WTI Crude Oil (USOIL) – Daily Chart Analysis
U.S. crude oil has had a rough start to 2025, sliding from highs of around $80.50 in early January to hitting lows near $65.45 in March. Several factors have contributed to this decline, including:
✅ Escalating tariff tensions disrupting global trade flows.
✅ Slowing global economic growth dampening demand expectations.
✅ OPEC’s planned production increase set for April, raising concerns about oversupply.
Despite the Federal Reserve’s growing inclination toward interest rate cuts, the U.S. dollar remains resilient, attracting safe-haven flows that further pressure oil prices.
Key Support and Resistance Levels to Watch
🔹 Support Zone ($66.00 – $67.00):
- This area has been a significant price pivot since April 2019.

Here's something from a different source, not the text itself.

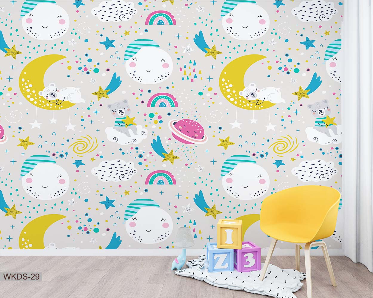 ALIPRINT papier peint décoratif mural algerie Tableau décoratif mural pour chambre d'enfant en Algérie. Papier peint avec lune, étoiles, oursons. Décoration murale enfantine originale et tendance. Idéal pour une chambre bébé. papier peint décoratif mural algerie
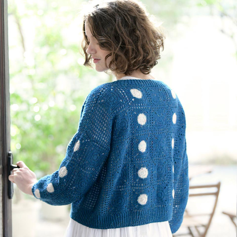 ウールですが、リネン混紡で春先のまだ肌寒い時期にぴったりのカーディガン。配色モチーフと単色モチーフの配置の仕方を工夫して、モチーフの中心にドットを浮き上がらせたデザインが秀逸です。方眼編みとの組み合わせや棒針での仕上げなど、ちょっとしたところにセンスが光ります。

- Current price action is testing the S1 Pivot Point ($67.16) on the daily chart.
- If buyers defend this zone, a reversal could be in play.
🔹 Upside Potential:
- A bullish breakout above $68.00 could encourage buyers to push prices toward $70.00 (a key psychological level).
- Further momentum could extend gains to $72.80, the recent swing high.
🔹 Downside Risk:
- A break below $65.00 would invalidate the support zone, exposing crude oil to further losses.

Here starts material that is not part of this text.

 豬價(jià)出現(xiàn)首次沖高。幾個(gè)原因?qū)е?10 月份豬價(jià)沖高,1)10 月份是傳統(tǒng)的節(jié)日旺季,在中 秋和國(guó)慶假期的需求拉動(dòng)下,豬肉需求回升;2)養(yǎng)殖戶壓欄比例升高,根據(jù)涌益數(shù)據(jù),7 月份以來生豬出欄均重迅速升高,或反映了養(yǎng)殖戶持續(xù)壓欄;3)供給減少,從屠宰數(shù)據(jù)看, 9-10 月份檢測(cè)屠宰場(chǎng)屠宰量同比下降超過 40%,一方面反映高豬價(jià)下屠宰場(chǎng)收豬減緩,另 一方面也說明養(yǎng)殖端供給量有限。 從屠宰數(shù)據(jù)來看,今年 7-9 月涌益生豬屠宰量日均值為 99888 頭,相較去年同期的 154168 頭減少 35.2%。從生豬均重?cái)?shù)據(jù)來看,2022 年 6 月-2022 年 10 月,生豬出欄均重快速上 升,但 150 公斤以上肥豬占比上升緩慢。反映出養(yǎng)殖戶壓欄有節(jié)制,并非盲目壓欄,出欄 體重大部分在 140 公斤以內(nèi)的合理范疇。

- Key support levels below include $63.00 and $62.50, aligning with previous lows from 2023 and 2021.
Market Sentiment & Fundamental Outlook
Directional bias in crude oil is being dictated by fundamentals—tariffs, supply-demand shifts, and macroeconomic developments. Traders should closely monitor:
📅 Upcoming economic data releases that impact oil demand forecasts.
📢 OPEC+ statements regarding production adjustments.
💰 U.S. dollar strength or weakness, as it directly influences oil prices.
Bottom Line
WTI crude oil is currently at a crossroads. The $66-$67 zone could serve as a springboard for recovery, but failure to hold above this area may lead to deeper declines. If bullish momentum builds above $68.00, expect a push toward $70 or higher. However, a drop below $65.00 would indicate continued weakness, potentially targeting $63.00 or lower.